In the last few posts, we looked at various Docker utilities and how XL Deploy can make it easy for enterprises to adopt and use Docker. Docker streamlines software development and testing for teams that have started embracing it. The package once deploy anywhere (PODA) capability of Docker minimises the issue of environmental (like staging, quality assurance, and production) differences.
Docker container wraps software and its dependencies in a filesystem that can be installed on a server. Docker helps to:
- Build: Package an application into an image
- Ship: Share image with others using registries
- Run: instantiate an image into a container
In the last five years, we have seen rapid rise of containers. Containers have become de facto standard for distributing and running software. Container usage along with the Microservice based application architecture has lead to a lot of advancement in the cluster management solutions. Kubernetes, Apache Mesos, Amazon ECS, and Docker Swarm are all trying to solve the problem of running and managing clusters of containers at scale.
In this post, we will start by looking at the history of cluster computing. Then, we will look at different components of a typical cluster manager like ECS. We will end our discussion by going through different ways to implement schedulers. Scheduler makes the actual decision of assigning which machine should run the task.

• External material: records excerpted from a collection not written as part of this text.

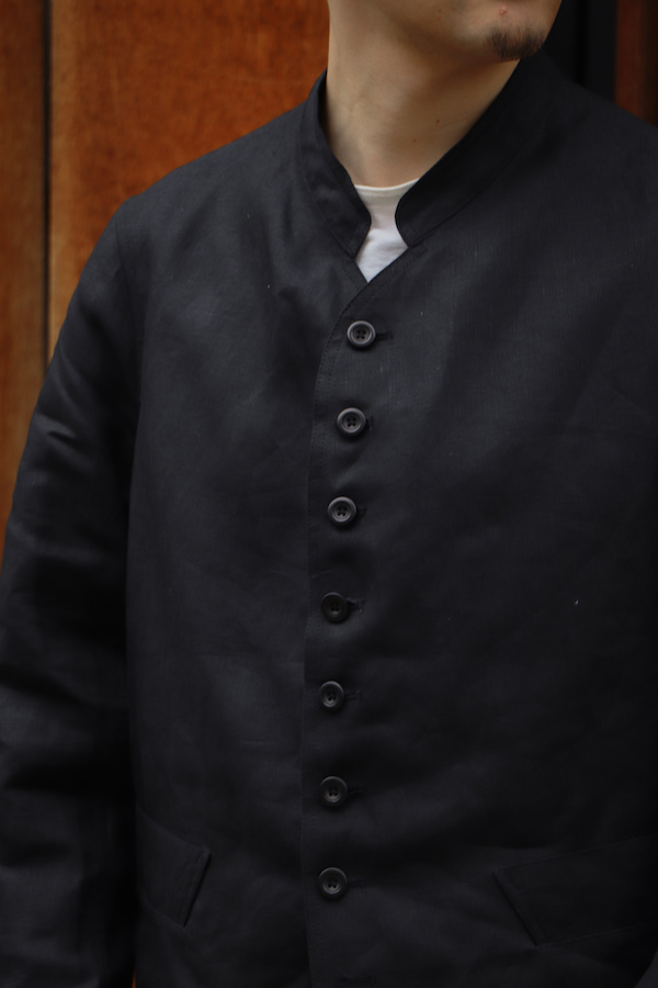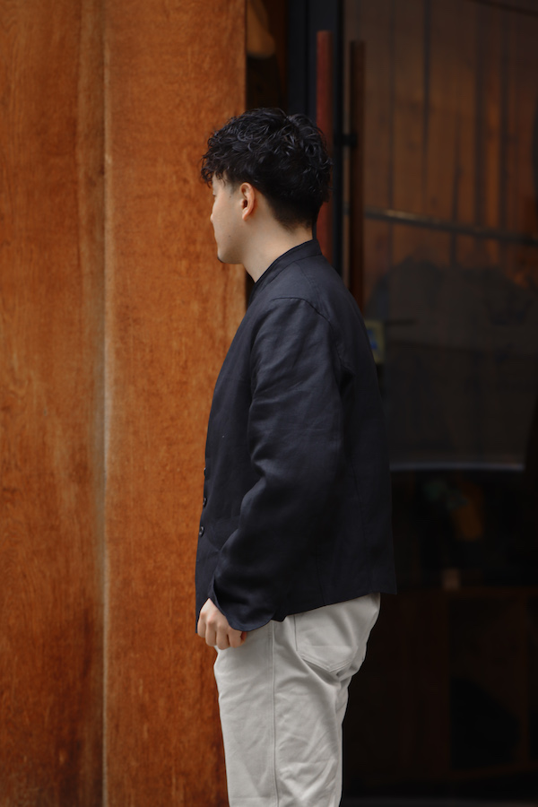 モデル名となる"DOLMAN"(ドルマン)とは、ナポレオン三世時代の兵士の呼称に由来しており、当時のフランス軍のワークウェアがベースになっている。身幅の広さや、アームホールの太さは「用の美」を追求したANATOMICAらしい立体的なパターン。生地は、世界最高峰と言われるアイルランド産の艶やかなリネン100%を使用。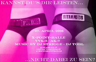 "Kannst Du's Dir leisten... ...nicht dabei zu sein" FOS/BOS - BALL '06 Music by: "DJ Tobl" und "DJ Strigge" Eintritt ab 17 Jahren Musikwünsche auch per email möglich |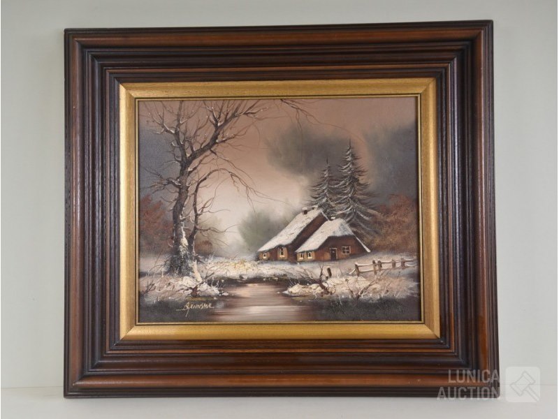 Olieverf op doek, "huis in sneeuwlandschap"Gesigneerd L.O. met "Bruinsma", ingelijst, afmeting 74x64 cm.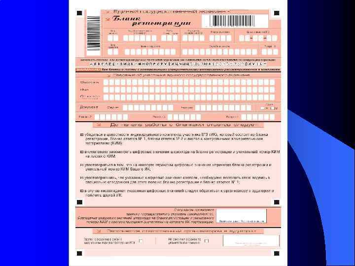 l Информация, внесенная в бланки ЕГЭ (бланк регистрации, бланк ответов № 1 и верхняя часть бланка ответов № 2), сканируется и распознается ЭВМ без участия человека. l Все бланки ЕГЭ заполняются только яркими черными чернилами. Допускается использование только гелевой или капиллярной ручек.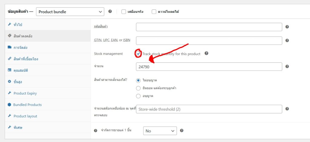 - ติ๊กช่อง : Track stock quantity for this product
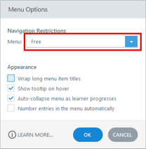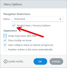Menu navigation settings 2It doesn't show that checkbox for Restrict Next / Previous, but it still behaves as if the buttons are restricted when published. To change, you have to go back in, select Restricted from the dropdown, uncheck⬜ Restrict Next / Previous, then re-select Free from the dropdown.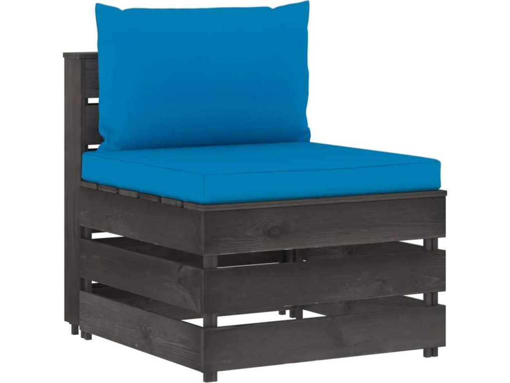 Dílčí středová pohovka s poduškami šedě impregnované dřevo [3068124]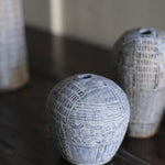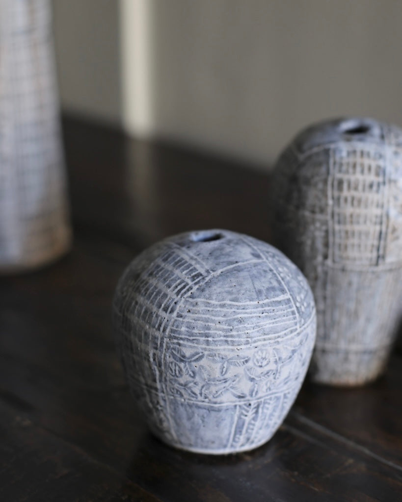 Method: these pieces are hand built, then Indigo slip is applied onto leather hard clay and the work is decorated using sgraffito technique, before being bisque fired and glazed with a matt white glaze.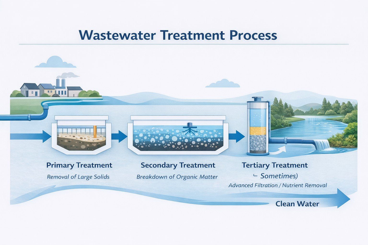 The process typically includes primary treatment (removal of large solids), secondary treatment (biological processes that break down organic matter), and sometimes tertiary treatment (advanced filtration or nutrient removal). Treated water must meet permit standards before being released into rivers or lakes.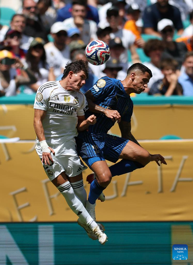 Fran Garcia (L) of Real Madrid and Joao Cancelo of Al Hilal head for the ball during the group H match between Real Madrid C. F. of Spain and Al Hilal of Saudi Arabia at the FIFA Club World Cup 2025 at the Hard Rock Stadium, Miami, the United States, June 18, 2025. (Xinhua/Li Ming)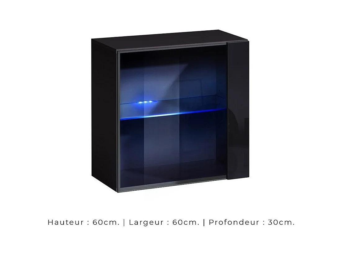 Vitrina colgante negra con 1 puerta de vidrio y iluminación LED incluida. Colección SWITCH.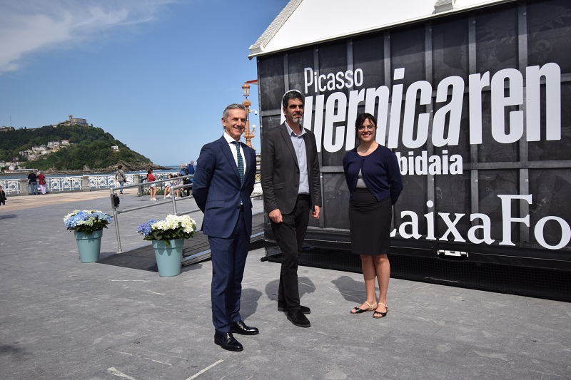 Hoy se ha inaugurado en Alderdi Eder ‘Picasso. El viaje del Guernica’ de la mano del alcalde de Donostia Eneko Goia, el director territorial de CaixaBank en el País Vasco y Cantabria Juan Pedro Badiola, la delegada de la Fundación Bancaria “la Caixa” en el País Vasco y Cantabria Sonia Sáenz y la asesora de la exposición, Manuela Pedrón.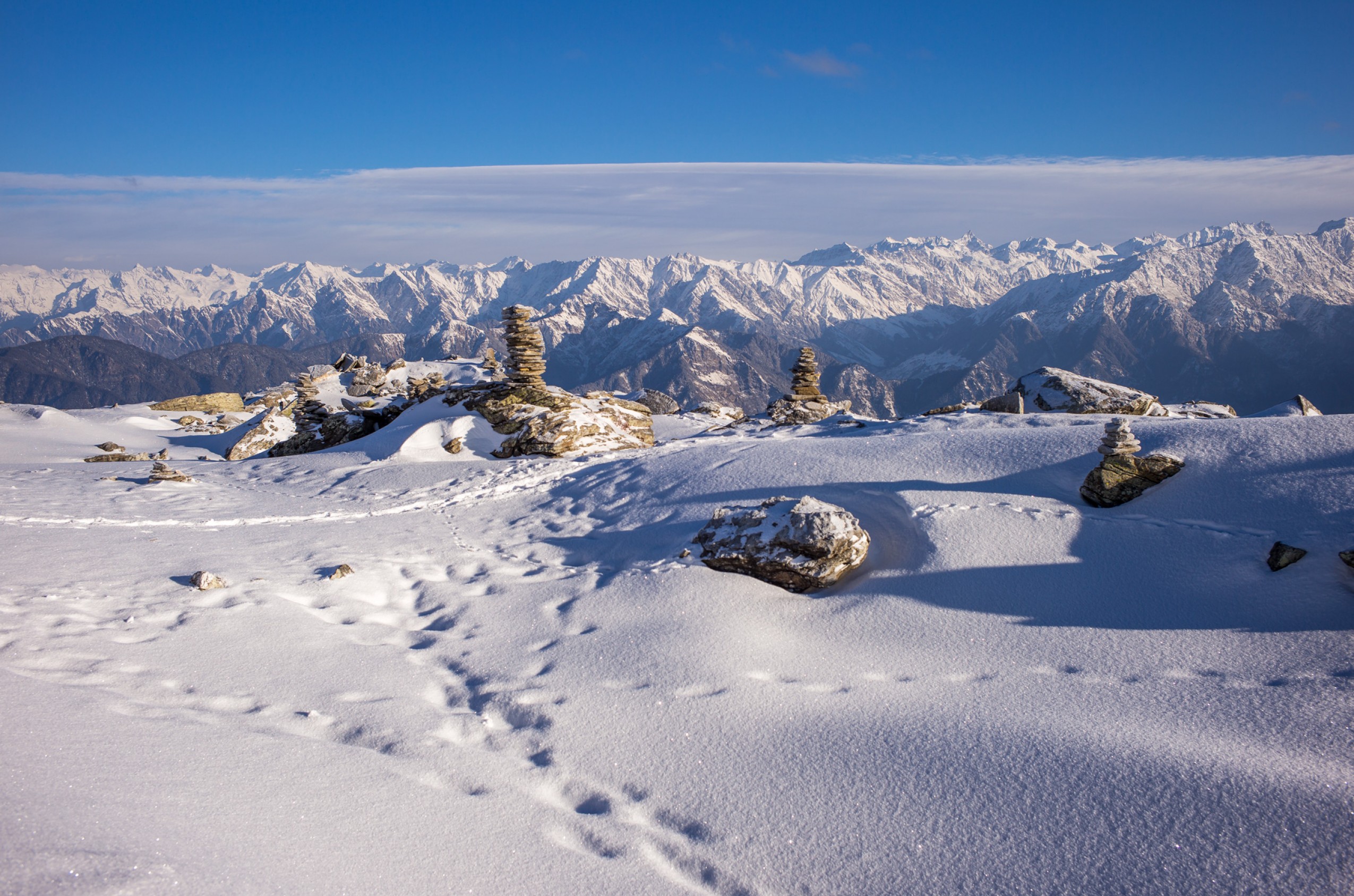 Généralement, qui dit "Himalaya" dit tout de suite Népal, Pakistan ou Chine. On y pense pas spontanément, mais le nord de l'Inde est le berceau d'un nombre impressionnant de sommets comme le Kangchenjunga (8586 m, le troisième sommet au monde), le Nanda Devi (7816 m), le Kamet (7756 m) et plein d'autres dans les états de Jammu et Kashmir, Himachal Pradesh, Uttarakhand ou Sikkim. Pour nous, c'est l'état d'Uttarakhand qui nous a attiré l'attention, où se trouve la source de la rivière sacrée des hindous, le Gange. Sans grande surprise, nous avons découvert qu'en plein hiver les parcs nationaux sont fermés à cause des conditions météorologiques. Pas de possibilité d'aller à Gangotri, faire un trek glaciaire d'une semaine sur les glaciers qui alimentent le Gange. Heureusement, la compagnie de guides Trek the Himalayas proposait plusieurs options hivernales, dont un trek de cinq jours à Kedar Kantha. Pourquoi ne pas essayer ça ? Aux portes de l’Himalaya et avec une vue sur la chaine Gangotri, ça ne peut pas être mal.

Cluster computing is based on the premise that you can view a set of connected computing machines as a single system. It enables you to abstract CPU, memory, and disk resources allowing for highly efficient usage of nodes in the cluster. This gives you a multi-tenant computing environment that has better performance, availability, and reliability characteristics as compared to a single machine. These clusters can run applications ranging from high traffic e-commerce website to a highly performance database engine.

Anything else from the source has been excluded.